Meta Platforms makes the vast majority of its revenue from digital advertising, but the ad market has been decimated by the flailing economy. Signs of a pending rebound and the company's further adoption of AI have sent the stock soaring, more than doubling so far this year. There could be more to come, however, as Meta is still 31% off its mid-2021 peak.
The recovering ad market could provide the fuel Meta needs to rise even further, as adtech stocks historically gain ground ahead of a broader macroeconomic recovery.
As an example, Alphabet had already gained 49% by the time the Great Recession officially ended in June 2009. Furthermore, that stock eventually doubled that year, which suggests Meta could enjoy a similar fortune.
As a result of the current price surge, Meta isn't the screaming bargain it was just six months ago. That said, at just 6 times sales, it's still far below its average valuation over the past decade, giving investors the opportunity to get shares that are cheap from a historical standpoint.
5. AppLovin -- 114%
Rounding out five of the best-performing AI growth stocks so far this year is AppLovin (APP -6.27%). The aptly named mobile app development platform helps businesses increase the value of in-app advertising and also helps get their apps discovered.
AppLovin has pivoted to focus on its most lucrative opportunities and gained some traction during the first quarter. Revenue of $715 million grew 14% year over year, while software platform revenue -- one of the aforementioned opportunities -- grew 199%. This helped the company reduce its net loss to $5 million, from $115 million in the prior-year quarter.
Even though AppLovin isn't yet profitable, it's generating strong operating cash flow and free cash flow of $289 million and $283 million, respectively. This suggests that sustainable profits are just a matter of time.
Like Meta Platforms, AppLovin's mobile advertising was hammered during the downturn. Its business is showing green shoots and the company's new machine learning engine, Axon 2.0, gives AppLovin an advantage over the competition.
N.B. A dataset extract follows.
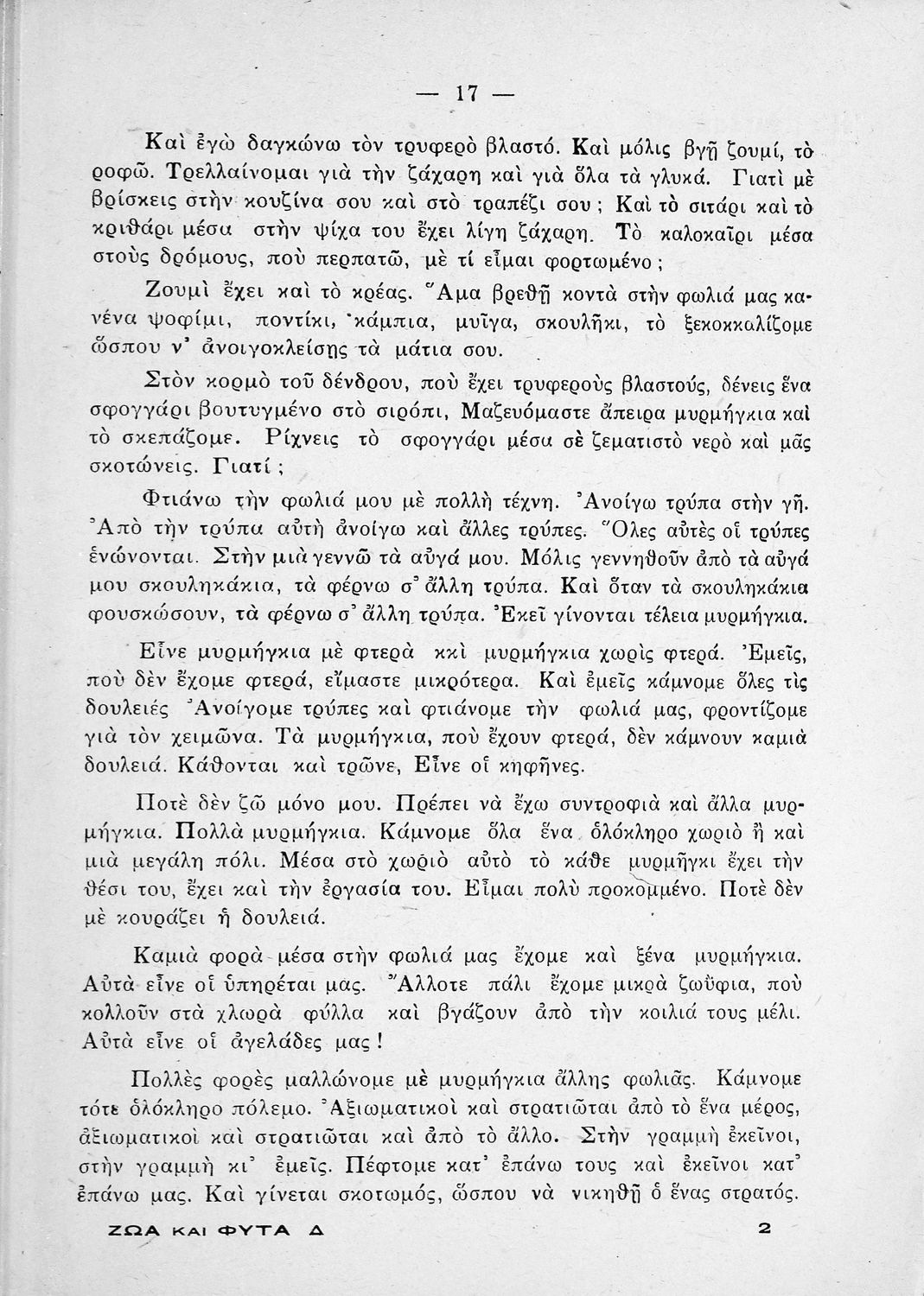 Σχολικό εγχειρίδιο Ζωολογίας και Φυτολογίας για την Δ΄ Δημοτικού που περιγράφει διάφορα ζώα και φυτά με λογοτεχνική αφήγηση και παιγνιώδη διάθεση.
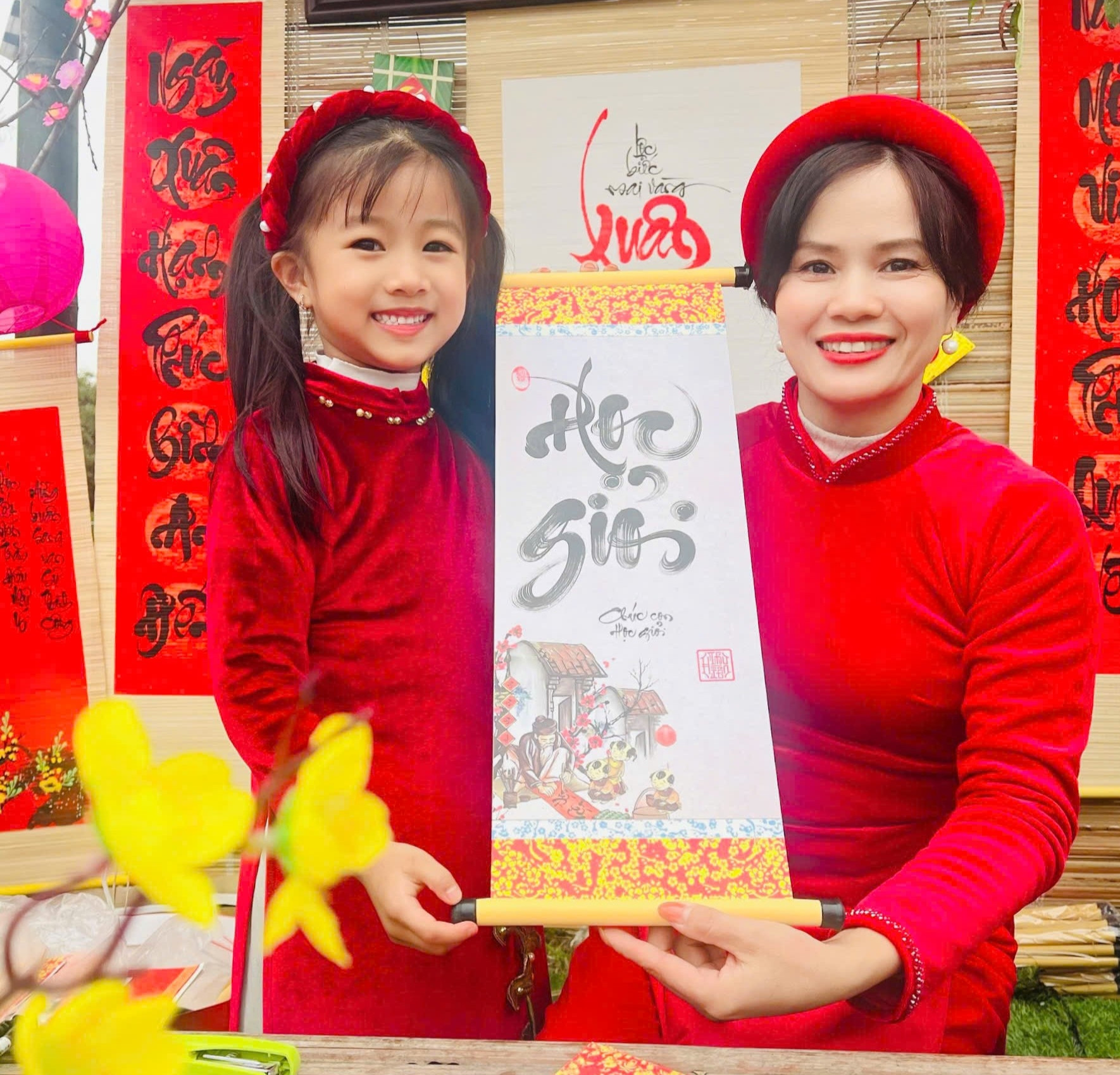 Mỗi dịp Tết đến, xuân về, cô thường viết thư pháp chúc tặng học sinh. “Thấy các em chụp ảnh khoe treo chữ cô viết tặng ở góc học tập hoặc nơi trang trọng trong nhà, tự nhiên mình cũng thấy vui và hạnh phúc”, cô Hiền chia sẻ.

The company generated a 48% year-over-year increase in revenue per install -- even as rivals declined. This shows that AppLovin has "a machine learning edge in locating high lifetime value users for app advertisers," and suggests additional "market share gains among higher paying advertisers," according to Bank of America Securities analyst Omar Dessouky (via The Fly).
When the mobile ad market rebounds, as it no doubt will, AppLovin will be well positioned to leverage its AI expertise to generate future profits.